Pendidikan

Sistem Belajar Unik SMA Islam Ranu Harapan Antar Siswa Tembus SNBP 2026

SMA Islam Ranu Harapan

MAKASSAR, Teotoar.id — Kabar membanggakan datang dari SMA Islam Ranu Harapan Makassar.

Di tengah ketatnya persaingan Seleksi Nasional Berdasarkan Prestasi (SNBP), sekolah ini berhasil meloloskan empat dari lima siswanya ke perguruan tinggi negeri (PTN) favorit.

Salah satu siswa yang berhasil adalah Keyziyah Saqiyah Shalsabilah, yang diterima di Program Studi Bahasa Mandarin dan Kebudayaan Tiongkok (S1) Universitas Hasanuddin.

Di balik capaian tersebut, terdapat peran besar sistem pendidikan yang diterapkan di sekolah.

Orang tua Keyziyah, Mismaya Al Khaerat, mengungkapkan bahwa keberhasilan putrinya tidak lepas dari metode pembelajaran yang diterapkan secara konsisten selama tiga tahun terakhir.

Menurutnya, suasana kekeluargaan antara siswa dan guru menjadi salah satu keunggulan utama di SMA Islam Ranu Harapan.

Sejak jenjang SMP, Keyziyah telah merasakan pendekatan pendidikan yang tidak hanya menekankan akademik, tetapi juga pembinaan karakter dan spiritual.

“Masuk pagi salat Dhuha dan mengaji sampai jam 10 pagi. Selain pendidikan umum, ada juga program tahfidz yang menyenangkan,” ujar Mismaya.

Ia juga menyoroti kedekatan antara tenaga pengajar dan siswa. Para guru yang relatif muda dinilai mampu membangun hubungan layaknya teman, sehingga memudahkan komunikasi dengan para siswa yang berada di usia remaja.

“Para pengajar itu akrab, mereka menjadi teman bagi anak-anak. Kadang mereka hang out bersama. Sebagai orang tua, saya sangat terbantu karena anak-anak kadang lebih mendengar nasihat guru yang mereka anggap seperti teman,” tuturnya.

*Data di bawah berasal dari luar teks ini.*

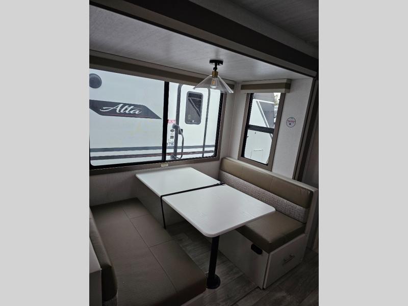 Each Alta travel trailer or toy hauler by EAST TO WEST is constructed with a 5" vacuum bonded roof, an enclosed and heated underbelly, and diamond plate front rock guard for added protection. Outside, you'll find marine-grade exterior speakers, a universal docking station, and back-up camera prep that can be added to make maneuvering in and out of campgrounds easier than ever. Inside, there are 4k interior LED lights, solid pressed membrane countertops, black roller shades, and many more interior comforts you are sure to love.

Salah satu inovasi yang dianggap efektif adalah kebijakan khusus setiap hari Rabu. Pada hari tersebut, siswa tidak dibebani dengan pelajaran umum, melainkan difokuskan untuk persiapan menghadapi ujian masuk perguruan tinggi.

“Di hari Rabu anak-anak fokus untuk kesiapan ujian masuk PTN, jadi tidak perlu lagi ikut bimbingan belajar di luar,” jelasnya.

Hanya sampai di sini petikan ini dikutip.